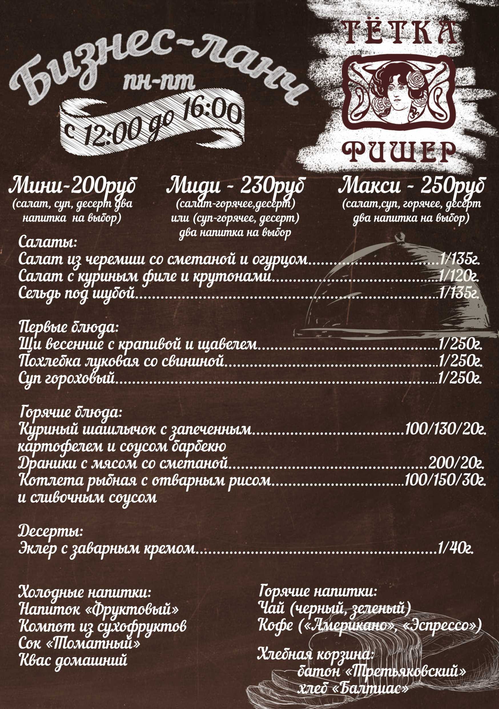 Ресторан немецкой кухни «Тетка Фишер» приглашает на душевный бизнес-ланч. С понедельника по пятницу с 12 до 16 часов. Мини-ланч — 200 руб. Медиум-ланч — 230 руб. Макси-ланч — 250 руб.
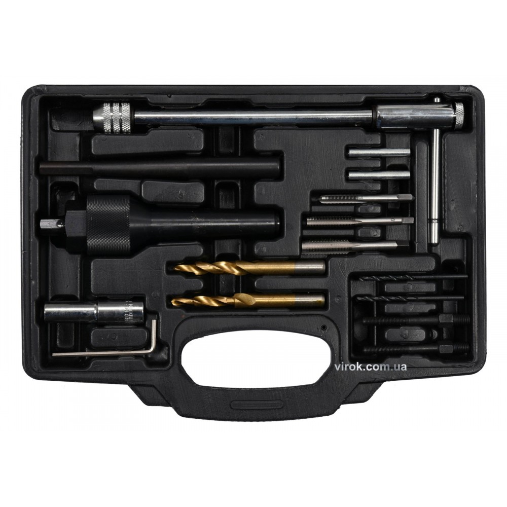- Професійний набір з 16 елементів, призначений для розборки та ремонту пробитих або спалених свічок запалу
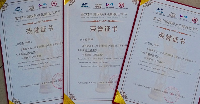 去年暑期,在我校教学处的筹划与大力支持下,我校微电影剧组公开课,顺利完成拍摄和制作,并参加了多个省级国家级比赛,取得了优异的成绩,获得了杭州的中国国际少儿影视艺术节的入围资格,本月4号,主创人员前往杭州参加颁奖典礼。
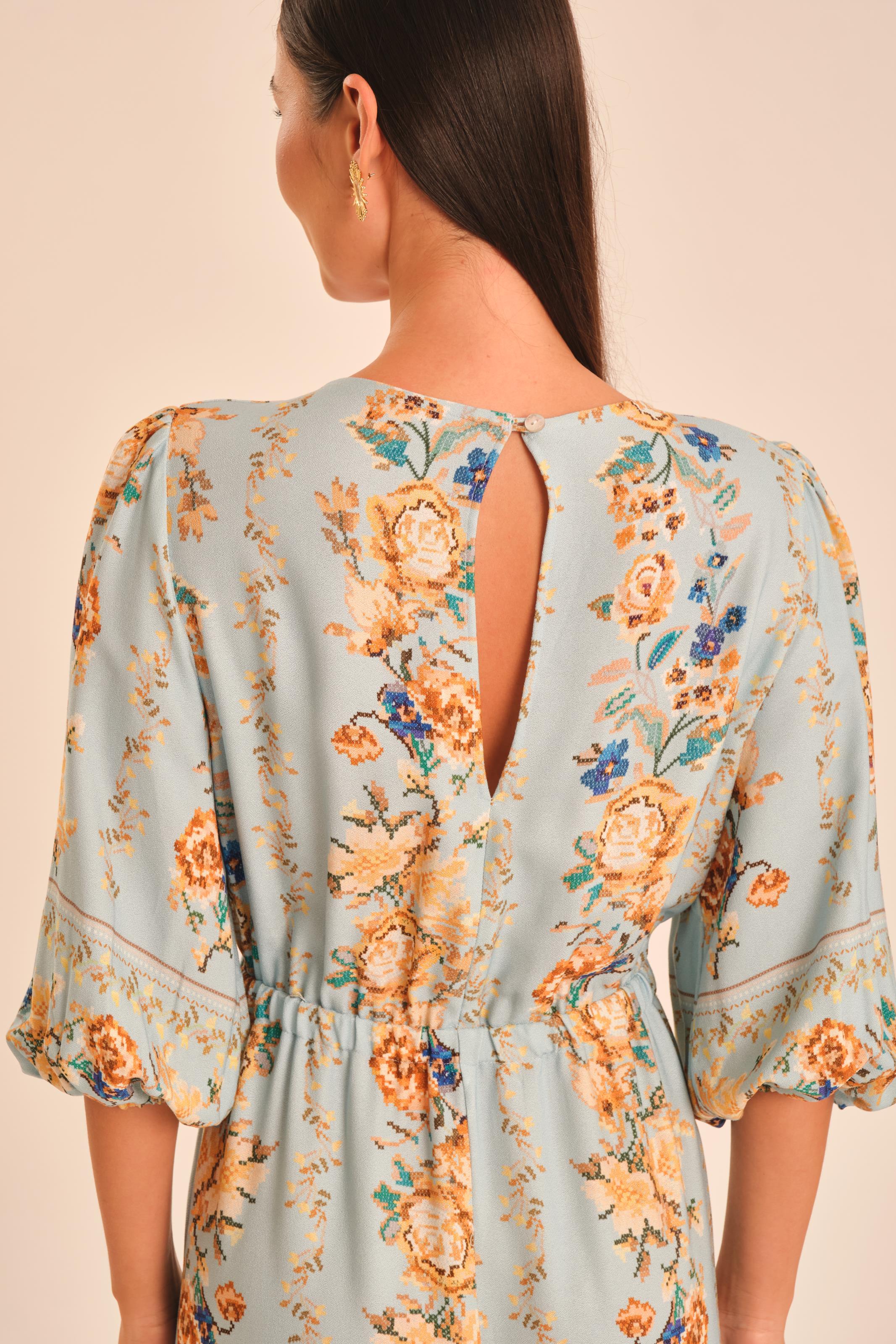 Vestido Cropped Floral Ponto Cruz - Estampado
◆ ◆ ◆ ◆ ◆ ◆ ◆
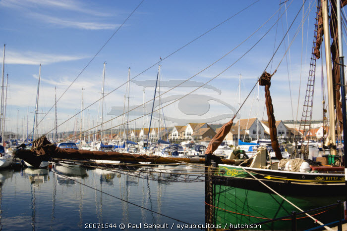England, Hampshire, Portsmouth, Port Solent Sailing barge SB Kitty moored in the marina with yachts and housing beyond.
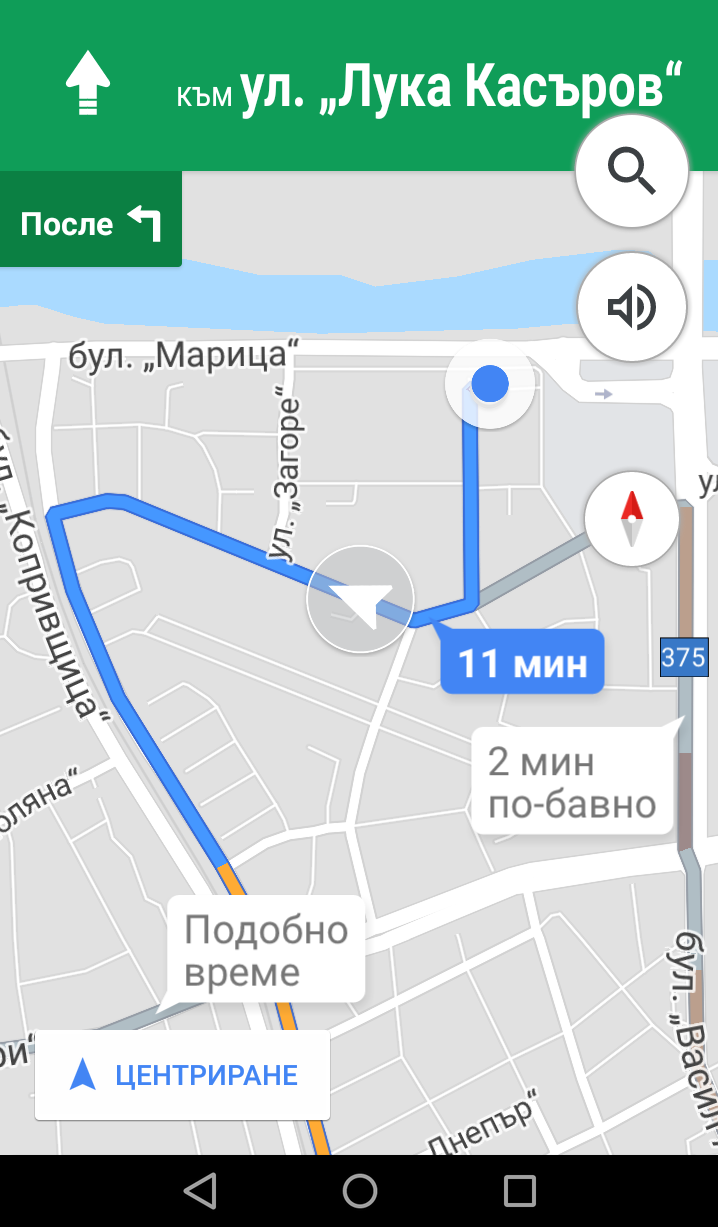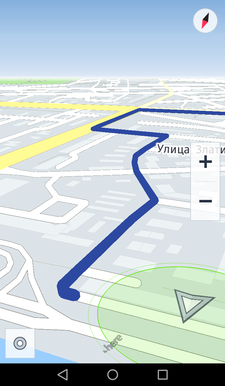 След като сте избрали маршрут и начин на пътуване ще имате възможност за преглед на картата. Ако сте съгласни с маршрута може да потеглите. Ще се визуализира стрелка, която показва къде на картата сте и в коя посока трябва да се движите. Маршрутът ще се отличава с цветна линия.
◆ ◆ ◆ ◆ ◆ ◆ ◆
■ What you have to do: Only one stretch of the data is wanted: write out exactly the lines from the one holding "Ресторан немецкой кухни" through the one holding "Vestido Cropped Floral", both included, without the pictures.

■ Task solution:
 Ресторан немецкой кухни «Тетка Фишер» приглашает на душевный бизнес-ланч. С понедельника по пятницу с 12 до 16 часов. Мини-ланч — 200 руб. Медиум-ланч — 230 руб. Макси-ланч — 250 руб.
- Професійний набір з 16 елементів, призначений для розборки та ремонту пробитих або спалених свічок запалу
 去年暑期,在我校教学处的筹划与大力支持下,我校微电影剧组公开课,顺利完成拍摄和制作,并参加了多个省级国家级比赛,取得了优异的成绩,获得了杭州的中国国际少儿影视艺术节的入围资格,本月4号,主创人员前往杭州参加颁奖典礼。
 Vestido Cropped Floral Ponto Cruz - Estampado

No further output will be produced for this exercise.